=== Raw data ===

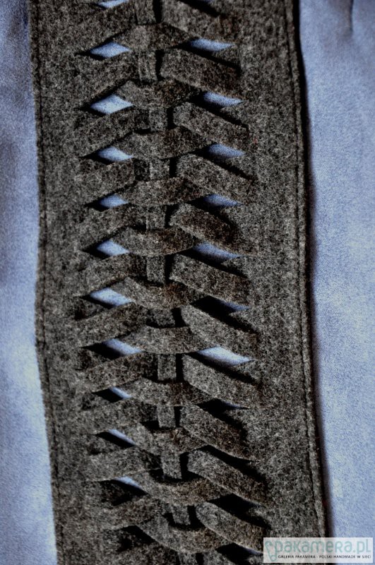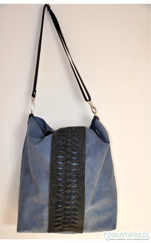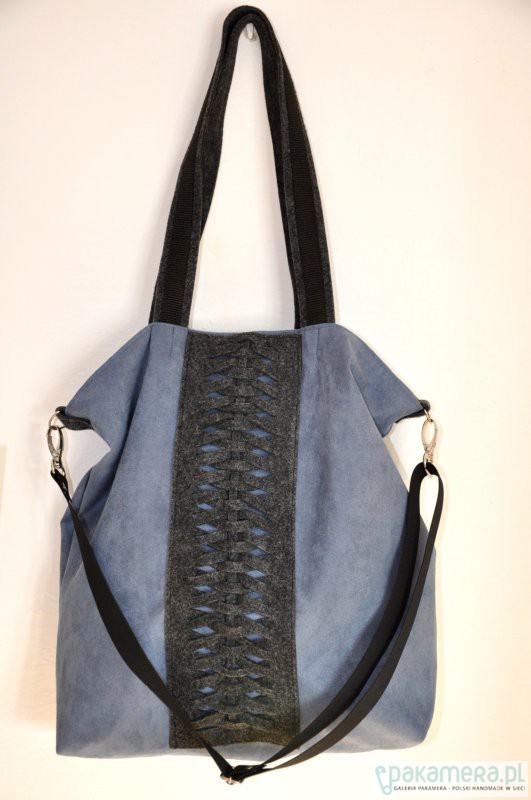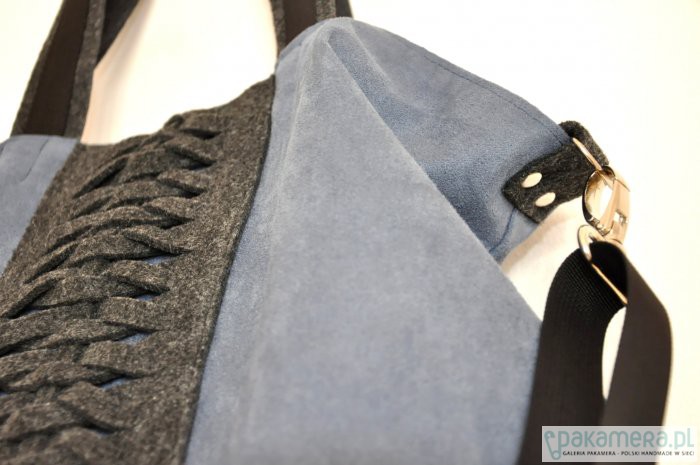 Przepastna torba wykonana z alcantary (sztucznego zamszu) w połączeniu z filcem (szaroniebieska + grafit).
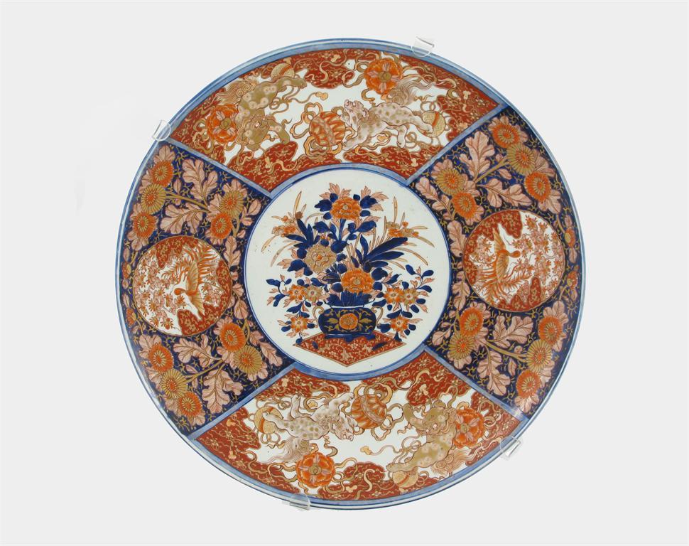 A massive Japanese Imari dish, painted with panels of lion dogs and phoenix around a central floral medallion, 19th century, 61.5cm.
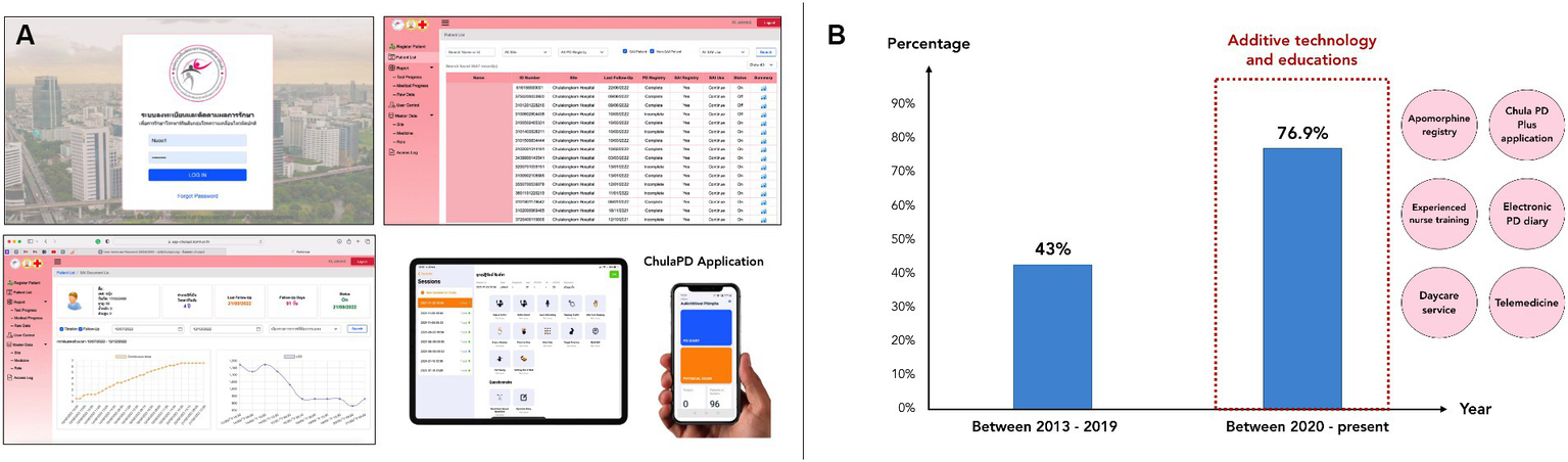 (A) Depicts a series of figures illustrating both the apomorphine registry platform on the website and the in-house ChulaPD Plus application available on mobile phones and tablets. This platform serves the purpose of recording data from patients undergoing apomorphine treatment in hourly increments of dosage. Additionally, it can represent outcomes or improvements in a graph for easy follow-up or understanding. (B) Among patients initiated on CSAI at our center between 2013 and 2019, 42% of those who started and continued treatment for over 12 months were found to have done so. Interestingly, following the implementation of educational programs and technology integration for patient progress tracking, a notable increase in the proportion of patients was observed, with 76.9% of patients who started the CSAI treatment since 2020 continuing treatment over 12 months. Additionally, additive technology and educations have been conducted mainly since 2020, including web-based apomorphine registry, ChulaPD Plus application, electronic PD diary, daycare service, telemedicine, and experienced nurse training.
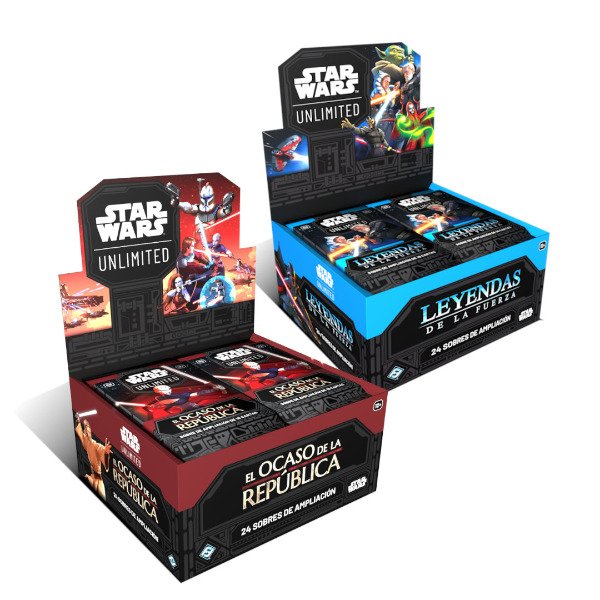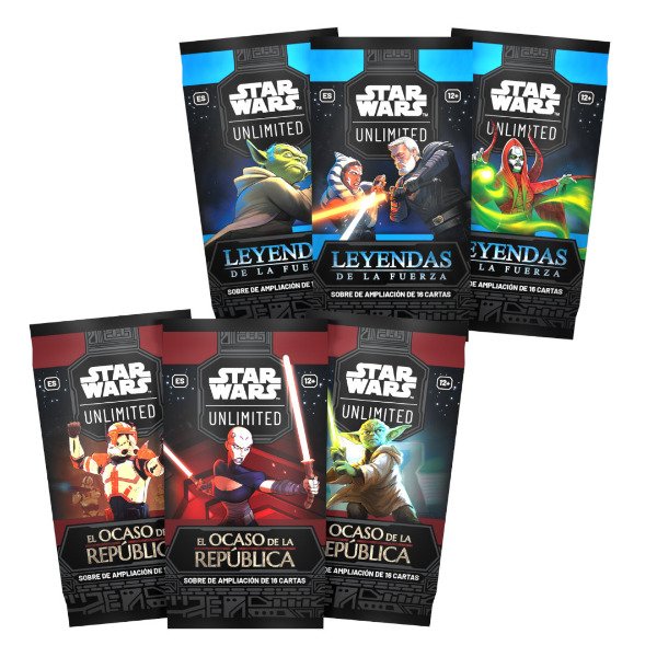 ¡Aumenta tu colección de Star Wars: Unlimited con los combos de ampliación o Booster Packs! La colección El Ocaso de la República recrea los conflictos militares entre la República Galáctica y la Confederación de Sistemas Independientes. La colección Leyendas de la Fuerza presenta personajes y contenido de varias eras de la galaxia de Star Wars, y se centra especialmente en los usuarios de la Fuerza, como jedi, sith y más. ¡Son 48 sobres! Elegí un líder, diseña tu mazo y desafía a tus rivales en este trepidante juego de posibilidades ilimitadas. Cada sobre de ampliación permite diseñar y mejorar mazos para partidas en los formatos uno contra uno, multi jugador, preselección y mazos cerrados.

===

**Brief**
Go from the first line of the data above to the line containing "A massive Japanese" and retype exactly those lines, both included, but none of the pictures.

**Your response**
 Przepastna torba wykonana z alcantary (sztucznego zamszu) w połączeniu z filcem (szaroniebieska + grafit).
 A massive Japanese Imari dish, painted with panels of lion dogs and phoenix around a central floral medallion, 19th century, 61.5cm.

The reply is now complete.